MTM1 (myotubularin 1) and Tcap (telethonin) influence t-tubule density and structure. A, Western blots and mean data for BIN1 (bridging integrator 1/amphiphysin II), Tcap, MTM1, JPH2 (junctophilin 2) in control (Ctrl), heart failure (HF), and recovery (Rec) sheep atrial tissue. Symbols denote animals N for A, Control: N=5 for BIN1 and JPH2, N=6 for Tcap and MTM1; HF: N=7 for BIN1 and JPH2, N=8 for Tcap and MTM1; recovery: N=7 for BIN1, JPH2, Tcap, and MTM1, compared using ANOVA with multiple comparisons.

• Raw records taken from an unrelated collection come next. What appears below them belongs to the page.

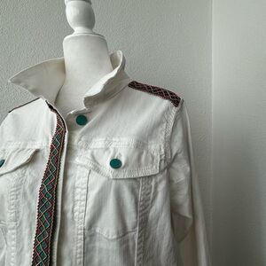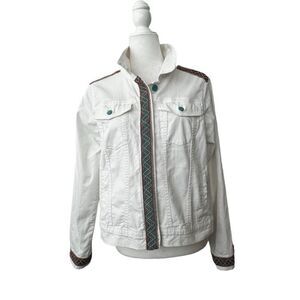 White Denim Jacket Custom Floral Design Painted Back SZ L
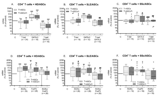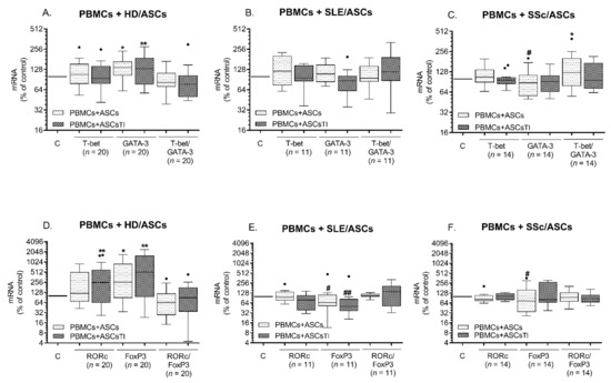 Changes in the expression of Th subset-specific transcription factors in mitogen-activated PBMCs co-cultured with ASCs. Explanations as in Figure 1, except that HD/ASCs (A,D), SLE/ASCs (B,E), and SSc/ASCs (C,F) lines were co-cultured with PHA-stimulated PBMCs that were isolated from peripheral blood of nine healthy volunteers. The ASCs + PBMCs co-cultures were done using a random combination of both cell types, and the number of experiments performed is shown (n). Results are expressed as the percentage of the mRNAs expression levels regarding those found in separately cultured control activated PBMCs (C) and are shown as the Tukey’s boxes; n—the number of experiments performed. * p = 0.05–0.01; ** p = 0.01–0.001 for intra-group comparison (PBMCs vs. PBMCs + ASCs or ASCsTI); # p = 0.05–0.01; ## p = 0.01–0.001 for inter-group comparison (HD vs. SLE vs. SSc).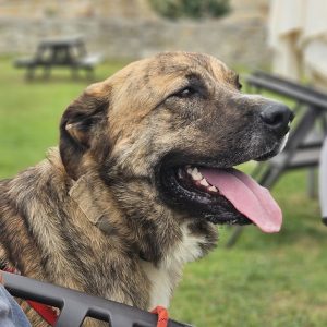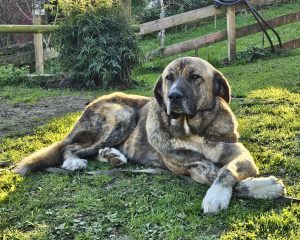 A Camín lo recogimos en el monte, lo habían dejado abandonado allí o le tenían para cuidar un ganado y no iban nunca a atenderle. Estaba muy delgado y hambriento, con alergias en la piel, heridas y muy asustado. Ha mejorado un montón en estos meses con nosotros y nos ha dejado ver al perro que se escondía detrás de ese miedo: sociable, juguetón y un perro alegre cuando se siente seguro, cariñoso, alegre y muy tierno. Le encanta pasear y dar lametazos con su maxi-lengua en la cara de la gente en quien confía. Es todo un amor si te ganas su corazón XL, y merece mucho la pena.

B, NRVMs transfected with BIN1, Tcap, or MTM1 or triple transfection of BIN, MTM1, and Tcap. C, Fraction of colocalization with BIN1. Mean data summarizing: (D) fractional area of cells occupied by tubules; (E) average skeleton length; and (F) average branching of each tubule structure. Symbols denote cells n for C to F; Ctrl vector n=45 cells (5 L); BIN1: n=79 cells (7 L); BIN1+Tcap: n=98 cells (8 L); BIN1+MTM1: n=84 cells (6 litters); and triple transfection: n=77 cells (5 L); compared using linear mixed modeling. Data are presented as mean±SEM. Scale bars: 10 µm.